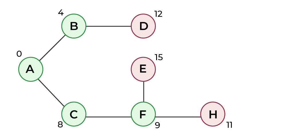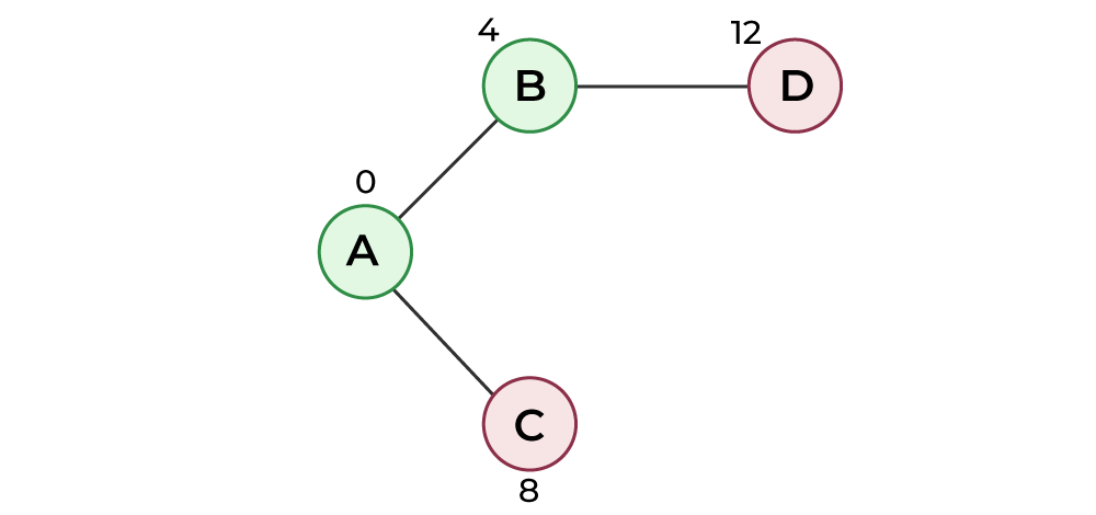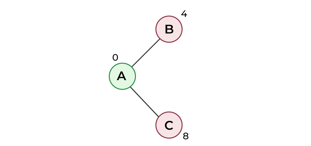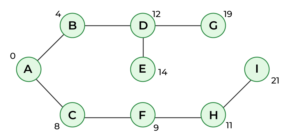 下图展示了各个顶点及其对应的距离值。属于SPT中的顶点都用绿色表示。
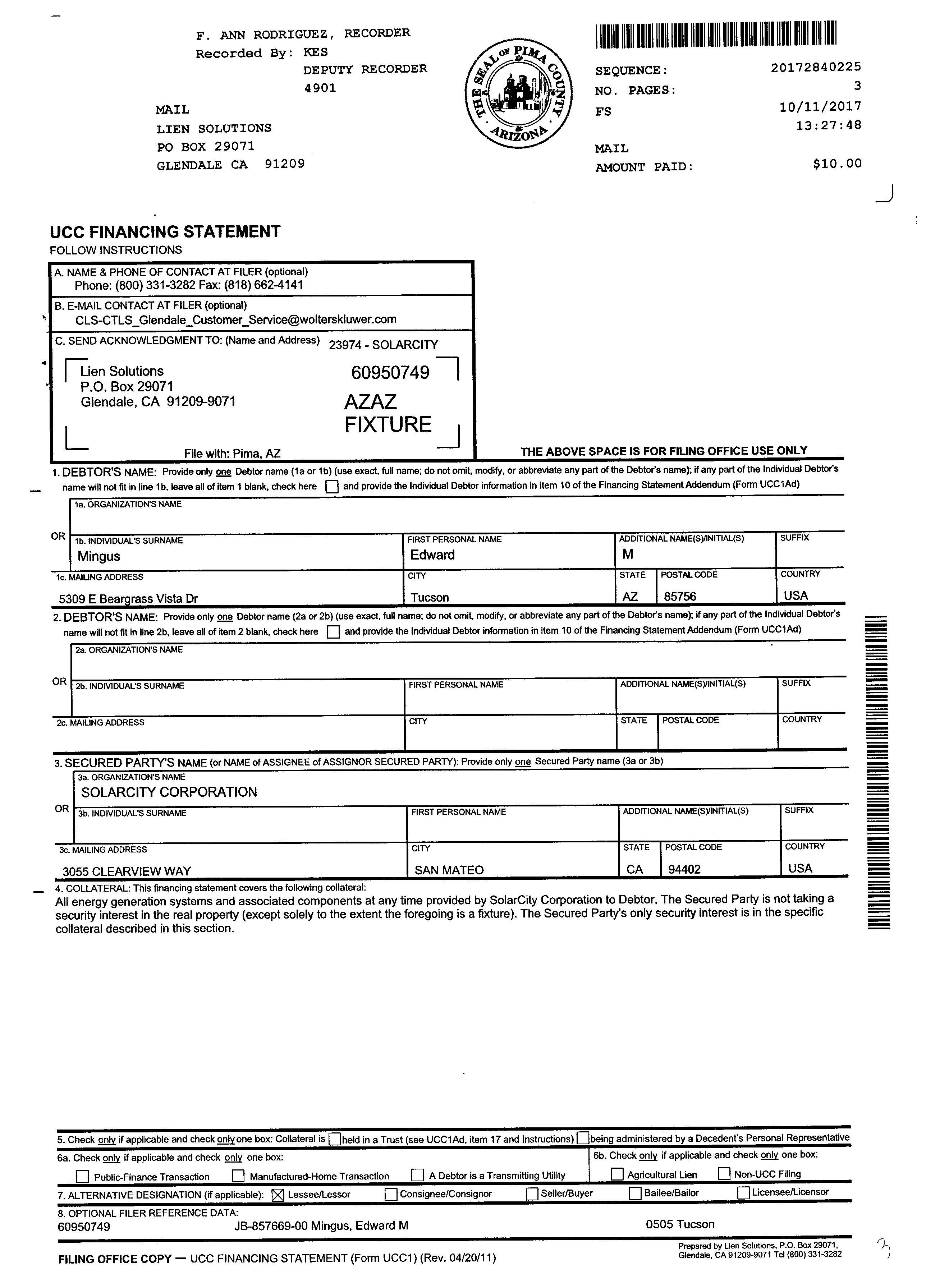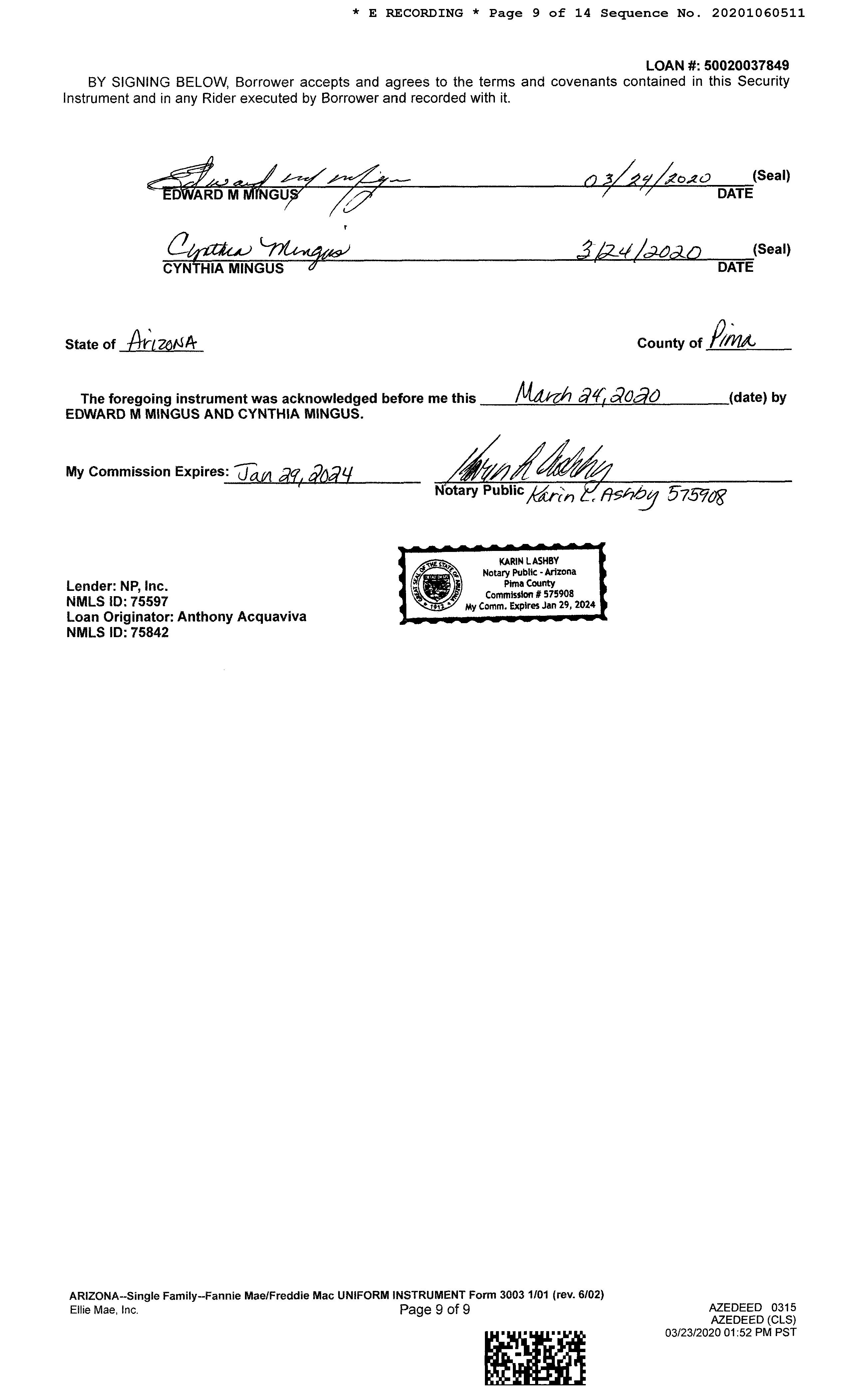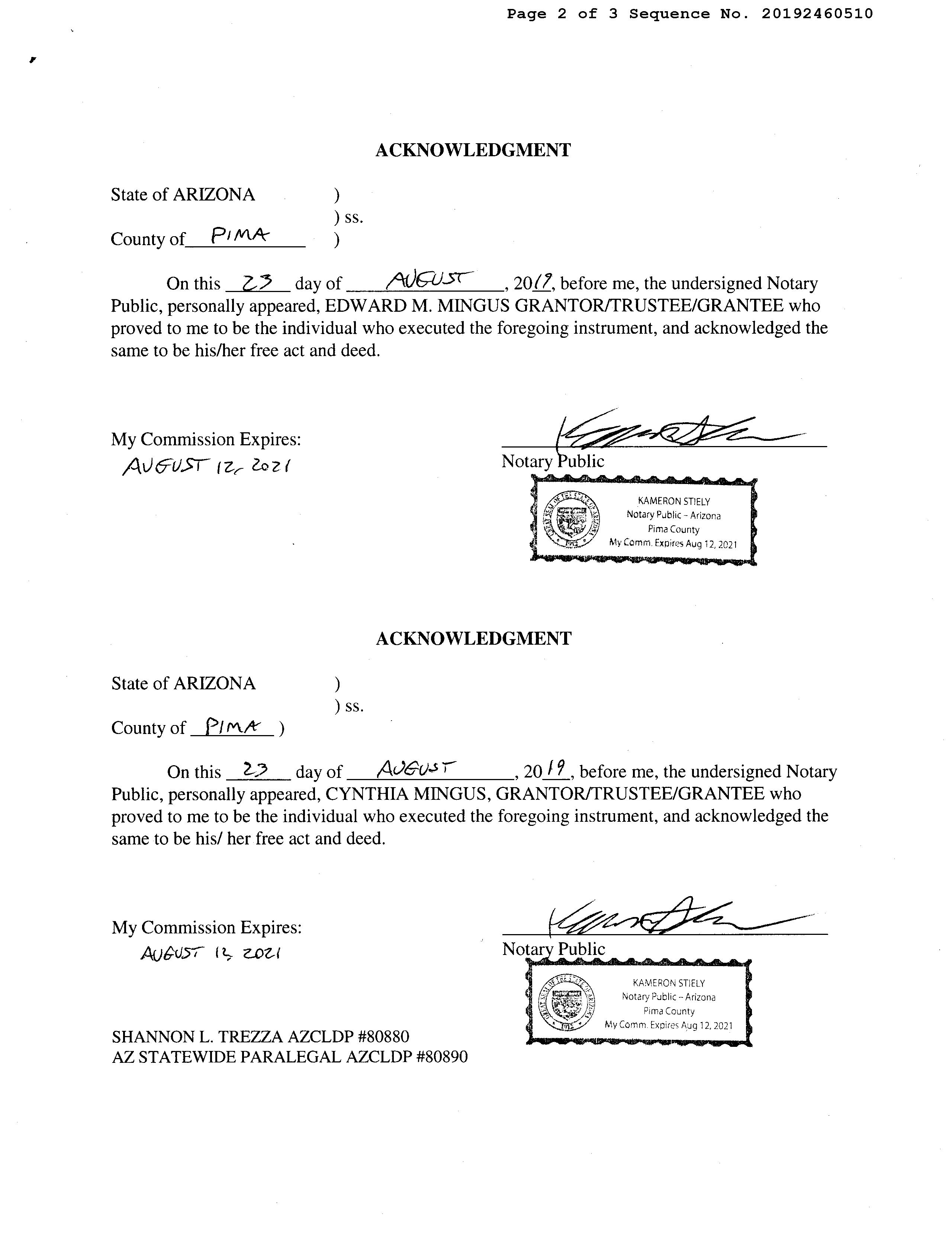 OWNER: MINGUS EDWARD M     13371 2669 08/15/2008  SITUS: 5309 E BEARGRASS VISTA DR TUC
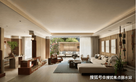 自然韵律的材质色彩:选用原木、天然奢石、洞石等自然材质,搭配米白、焰红等色彩,勾勒出四季更迭的自然韵律,为空间赋予诗意与活力。
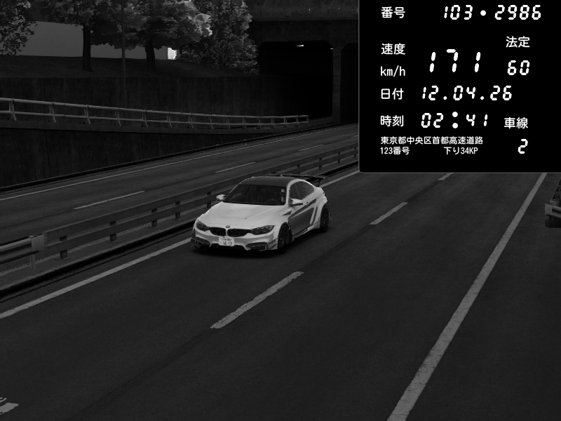 | 2026/04/12 02:41 | C1内回り 銀座 | 171 / 60 km/h | BMW M4 crash.Sp Varis Widebody | CAPTURE |
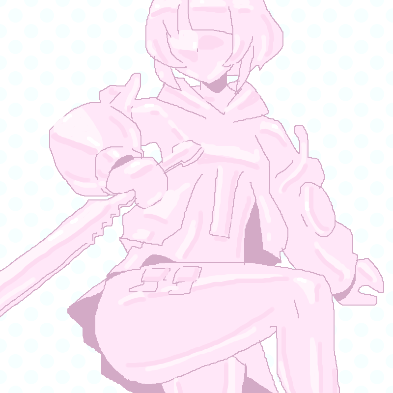 アンビーさん、かきました! 右手右足が同時に出てる立ち絵を 参考にしましたが、右足を出した 構えから、右手の武器を振りぬいた ポーズと読みました♪
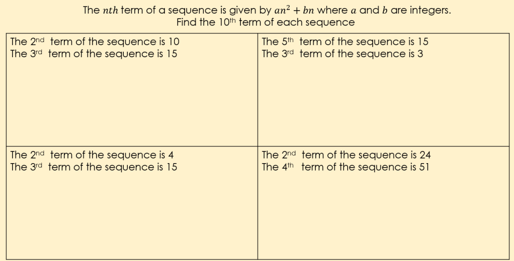 There a bunch of these questions in the PPT and then build up to some more tricky questions – but all nicely contained on a small grid which was nice

+++

After locating the line containing "自然韵律的材质色彩:选用原木" in the entries above, return it and every line after it exactly, ending at the line containing "アンビーさん、かきました! 右手右足が同時に出てる立ち絵を 参考にしましたが、右足を出した", without pictures.

 自然韵律的材质色彩:选用原木、天然奢石、洞石等自然材质,搭配米白、焰红等色彩,勾勒出四季更迭的自然韵律,为空间赋予诗意与活力。
 | 2026/04/12 02:41 | C1内回り 銀座 | 171 / 60 km/h | BMW M4 crash.Sp Varis Widebody | CAPTURE |
 アンビーさん、かきました! 右手右足が同時に出てる立ち絵を 参考にしましたが、右足を出した 構えから、右手の武器を振りぬいた ポーズと読みました♪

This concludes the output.